The underlying distribution can be plotted by using the `kde` keyword argument. As it is not possible to visualize density maps as overlays, a dropdown menu is created to switch between data slices.

In [19]:
df = px.data.tips()

fig = statsplot.jointplot(data=df,
                          x="total_bill",
                          y="tip",
                          step=False,
                          rug=True,
                          kde=True,
                          hist=False,
                          fit='linear',
                          plot_type='scatter+kde',
                          equal_bins_x=False,
                          bins_x=20,
                          color_palette="Set2",
                          kde_color_palette="greens",
                          slicer='sex',
                          shared_coloraxis=True,
                          marginal_plot="all"
                         )
fig.show()

In [23]:
df = px.data.tips()

fig = statsplot.jointplot(
    data=df,
    x="total_bill",
    y="tip",
    step=False,
    rug=True,
    kde=False,
    hist=True,
    plot_type='histogram',
    equal_bins_x=False,
    bins_x=20,
    color_palette="bone",
    kde_color_palette="reds",
    slicer='sex',
    marginal_plot="x"
)
fig.show()

The `histmap` plot type is useful to draw a distribution along unique values of another dimension.

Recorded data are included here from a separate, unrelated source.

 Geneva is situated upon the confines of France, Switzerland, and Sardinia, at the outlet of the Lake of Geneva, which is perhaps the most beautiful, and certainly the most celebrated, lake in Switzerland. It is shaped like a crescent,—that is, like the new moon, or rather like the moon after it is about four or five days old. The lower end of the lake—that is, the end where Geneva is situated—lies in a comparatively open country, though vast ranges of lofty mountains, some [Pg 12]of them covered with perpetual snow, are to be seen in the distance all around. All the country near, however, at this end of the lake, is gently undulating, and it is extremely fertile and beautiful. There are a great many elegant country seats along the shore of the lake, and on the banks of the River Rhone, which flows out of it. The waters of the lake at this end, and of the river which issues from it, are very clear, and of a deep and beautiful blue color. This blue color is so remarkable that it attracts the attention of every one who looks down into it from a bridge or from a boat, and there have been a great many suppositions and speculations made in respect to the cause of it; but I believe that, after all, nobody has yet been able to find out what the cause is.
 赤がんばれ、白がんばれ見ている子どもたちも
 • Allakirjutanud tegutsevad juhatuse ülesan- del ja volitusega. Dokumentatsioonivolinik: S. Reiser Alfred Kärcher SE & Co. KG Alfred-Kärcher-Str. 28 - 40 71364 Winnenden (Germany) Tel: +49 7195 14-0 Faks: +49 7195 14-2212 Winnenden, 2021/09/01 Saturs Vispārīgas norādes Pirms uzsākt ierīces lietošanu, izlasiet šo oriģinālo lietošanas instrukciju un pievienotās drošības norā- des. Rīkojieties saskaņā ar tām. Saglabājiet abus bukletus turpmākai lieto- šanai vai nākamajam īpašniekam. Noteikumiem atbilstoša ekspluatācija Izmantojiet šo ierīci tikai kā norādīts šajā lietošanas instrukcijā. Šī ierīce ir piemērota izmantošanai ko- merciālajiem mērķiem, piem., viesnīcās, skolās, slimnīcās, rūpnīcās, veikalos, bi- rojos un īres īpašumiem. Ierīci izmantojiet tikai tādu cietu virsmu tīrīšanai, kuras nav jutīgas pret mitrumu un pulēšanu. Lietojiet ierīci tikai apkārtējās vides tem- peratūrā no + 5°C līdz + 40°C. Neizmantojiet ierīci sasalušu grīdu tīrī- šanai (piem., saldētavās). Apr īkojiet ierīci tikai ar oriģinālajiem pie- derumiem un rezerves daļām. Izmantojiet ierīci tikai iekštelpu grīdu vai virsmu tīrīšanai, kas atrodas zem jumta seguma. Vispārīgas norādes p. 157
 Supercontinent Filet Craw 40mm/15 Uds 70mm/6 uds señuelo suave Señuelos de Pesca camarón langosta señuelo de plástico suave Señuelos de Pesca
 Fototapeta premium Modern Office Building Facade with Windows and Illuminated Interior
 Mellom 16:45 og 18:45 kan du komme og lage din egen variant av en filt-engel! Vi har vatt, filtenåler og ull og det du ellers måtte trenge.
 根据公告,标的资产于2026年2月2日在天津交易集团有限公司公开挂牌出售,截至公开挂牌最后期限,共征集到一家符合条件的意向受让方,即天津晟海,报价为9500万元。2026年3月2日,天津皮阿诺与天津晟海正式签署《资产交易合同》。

In the plot below, we display histogram of stock value for each month :

In [21]:
df = px.data.stocks().set_index('date')
df.index = pd.DatetimeIndex(df.index, yearfirst=True, name="date")

fig = statsplot.jointplot(data=df.melt(ignore_index=False,
                                       var_name="company",
                                       value_name='stock_value'),
                          y="stock_value",
                          x="date",
                          plot_type='x_histmap',
                          marginal_plot="y")
fig.show()